Quadratic equations have variables raised to the second power (e.g., \(x^2\)), and are represented in the general form \(ax^2 + bx + c = 0\), where \(a\), \(b\), and \(c\) are constants with \(a eq 0\). These equations form parabolas when graphed. The solutions to quadratic equations, called roots, can be found using methods such as factoring, completing the square, and the quadratic formula: \[ x = \frac{-b \pm \sqrt{b^2 - 4ac}}{2a} \]. Quadratics are essential in the system of linear and quadratic equations as they often determine conjunction points.

algebraic substitution

Algebraic substitution is a powerful technique used to solve systems of equations.
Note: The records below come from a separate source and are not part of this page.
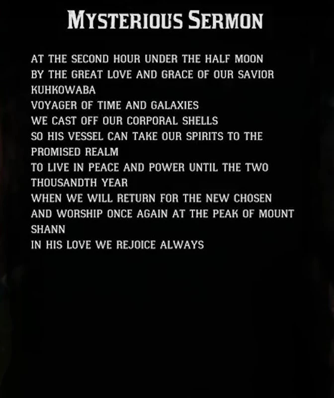 «Во второй час полумесяца, огненные великой любовью и благодатью нашего спасителя, Куковабы, путешественника по временам и галактикам. Мы сбрасываем с себя человеческие оболочки, чтобы его судно забрало наши души в царство обещанное, чтобы жить там в мире и могуществе до двухтысячного года, когда мы вернемся за новыми избранными и вновь вознесется молитва на вершине горы Шанн. Возрадуемся его любви»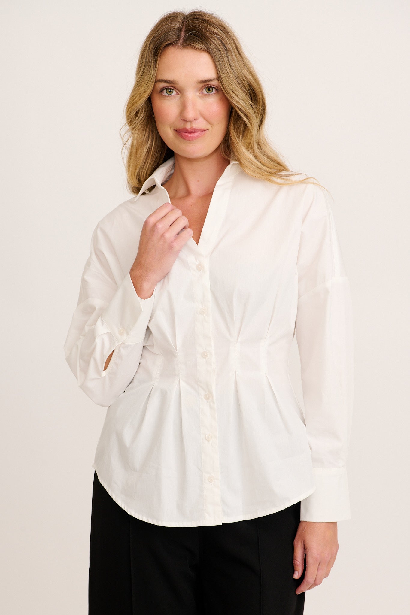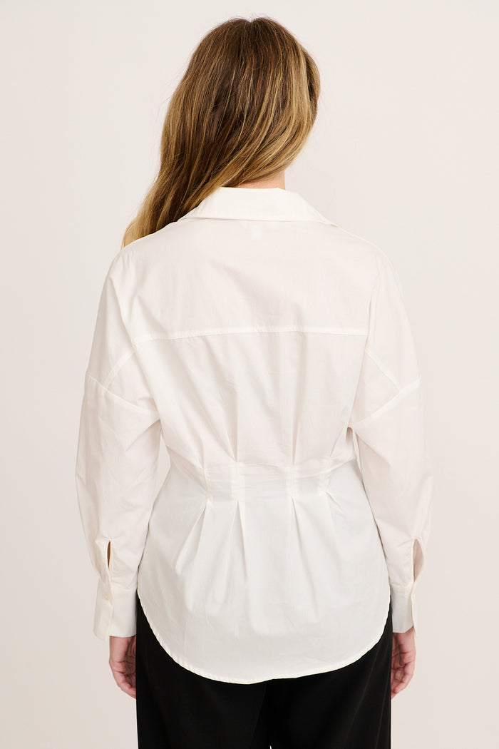 The Olana Shirt in White Cotton is a clean wardrobe essential designed for effortless styling. With its crisp white finish and classic cut, it brings versatility to workdays and weekends alike.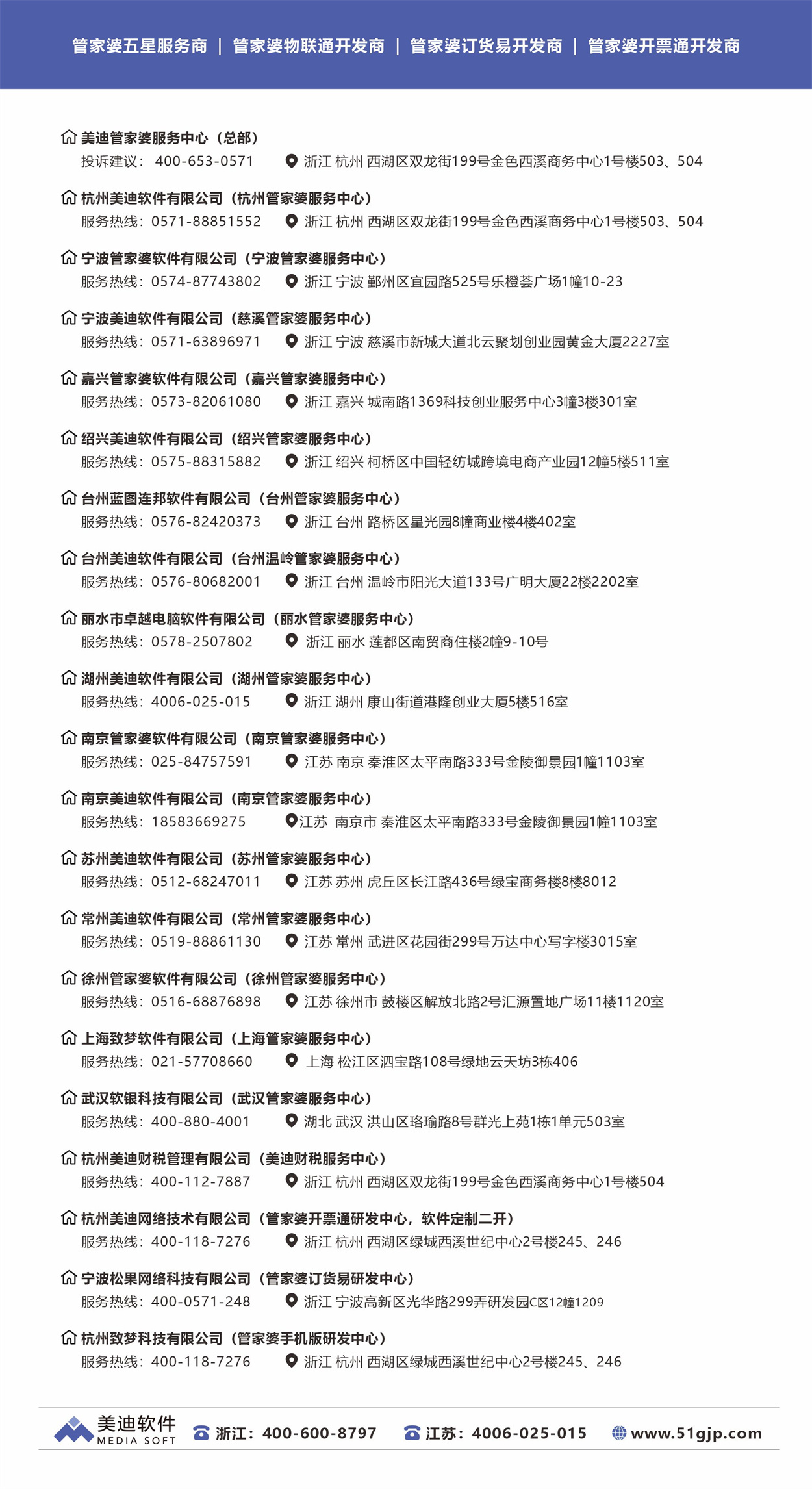 美迪軟件伴隨70000家企業用戶共同成長,25年蟬聯管家婆軟件代理商體系前三強,在20多年的發展中,由單模式的進銷存軟件代理商,成長為多樣化服務的綜合性企業服務公司。提供前、中、后三段服務。前端:提供管理軟件移動端應用研發、軟件二次開發、標準化商城產品及定制;中端:提供管家婆軟件的產品銷售、實施及服務,后端: 提供財稅、企業管理咨詢服務。產品涵蓋進銷存、財務軟件、ERP、CRM、OA、移動物聯、電子商務、零售連鎖等領域。已成功服務??低?、公牛電器、貝因美、蘇泊爾、老板電器、五豐冷食、川味觀、獅峰茶葉、娃哈哈、四維衛浴、雷士照明、淘淘貓、華之毅時尚集團等幾十個知名品牌和上市公司。在團隊的努力下,美迪軟件榮獲首批全國管家婆授權服務中心、5S體驗中心、最佳合作獎、突出貢獻獎最佳績效獎、長期合作伙伴等幾十個獎項。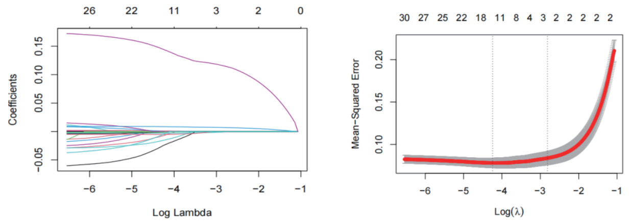 图 1 建模人群的LASSO回归模型危险因素筛选 Fig 1 Screening for risk factors in the modeling group using the LASSO binary logistic regression model.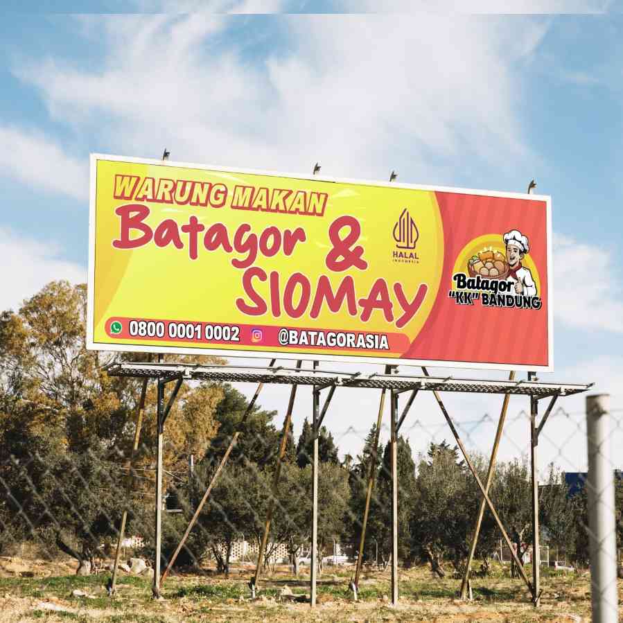 desain billboard warung makan batagor "kk" bandung dengan warna latar merah dan kuning cerah yang mencolok. terdapat logo halal indonesia, kontak what...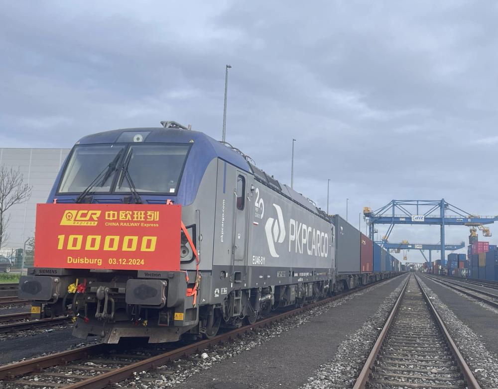 這是2024年12月3日在德國杜伊斯堡市DIT場(chǎng)站拍攝的第10萬列中歐班列。新華社 朱璇 攝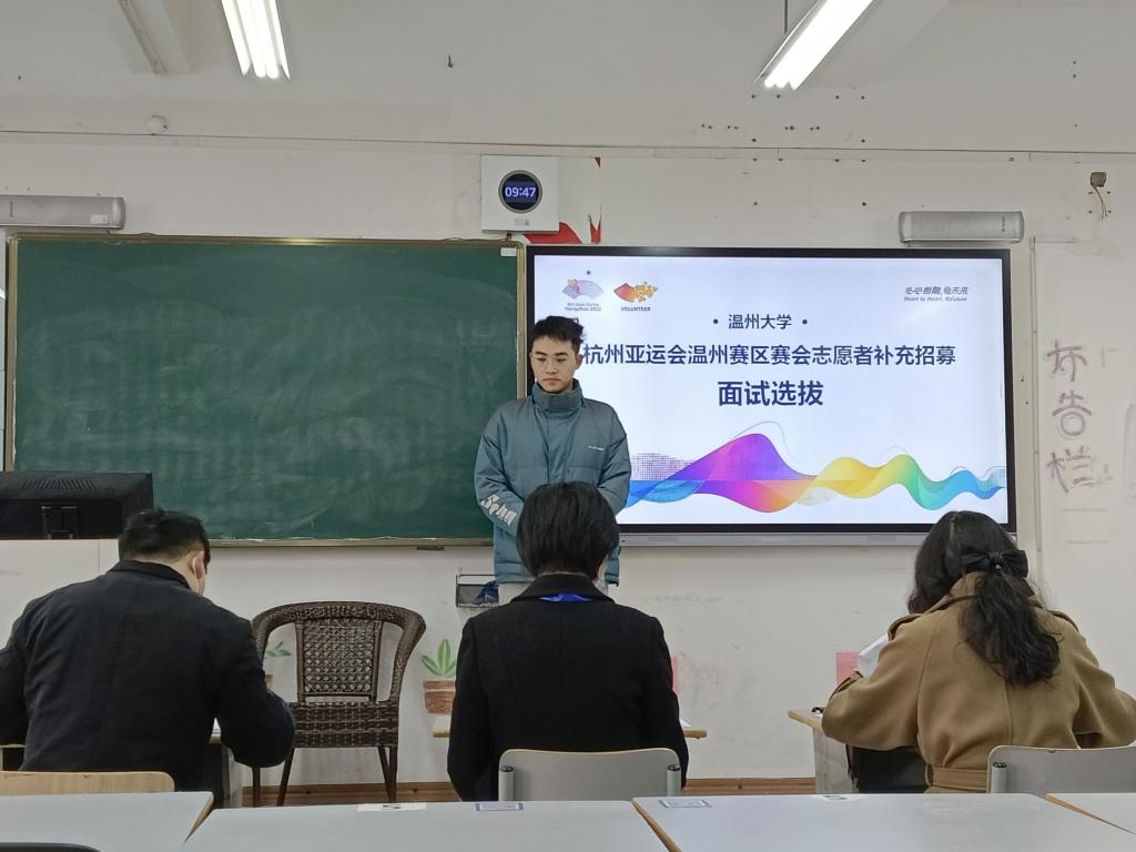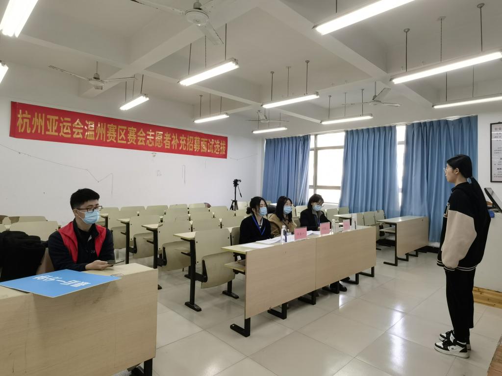 “为什么想成为杭州亚运会(温州赛区)的志愿者?”“在做志愿服务的过程中,你期待能够实现什么目标或者获得什么?”……近日,杭州亚运会志愿者补充招募面试选拔正在如火如荼地举行。财神捕鱼 的同学们踊跃报名,都想为亚运贡献一份自己的力量。一间间面试教室内,同学们拿出了“十八般武艺”,展示自己的专业技能,分享与志愿服务有关的故事。

It involves solving one equation for one variable in terms of the others and then substituting this expression into another equation. This method simplifies the process of finding the variable values that satisfy the given equations. For example, in the given problem, substituting \(y = \frac{a + b - xb}{a}\) into the quadratic equation helps reduce the complexity and solve for \(x\). This substitution is often critical in mixing linear and quadratic relationships.

systems of equations

Systems of equations consist of multiple equations with common variables that are solved simultaneously. They can be linear, non-linear, or a mix of different types of equations. In the provided exercise, the system includes a linear equation and a quadratic equation. To solve such systems, methods like substitution or elimination are used to find the solution that satisfies all the equations involved. Understanding the relationship between the linear and quadratic components is crucial in reaching the correct solution, providing a comprehensive understanding of how different types of equations interact.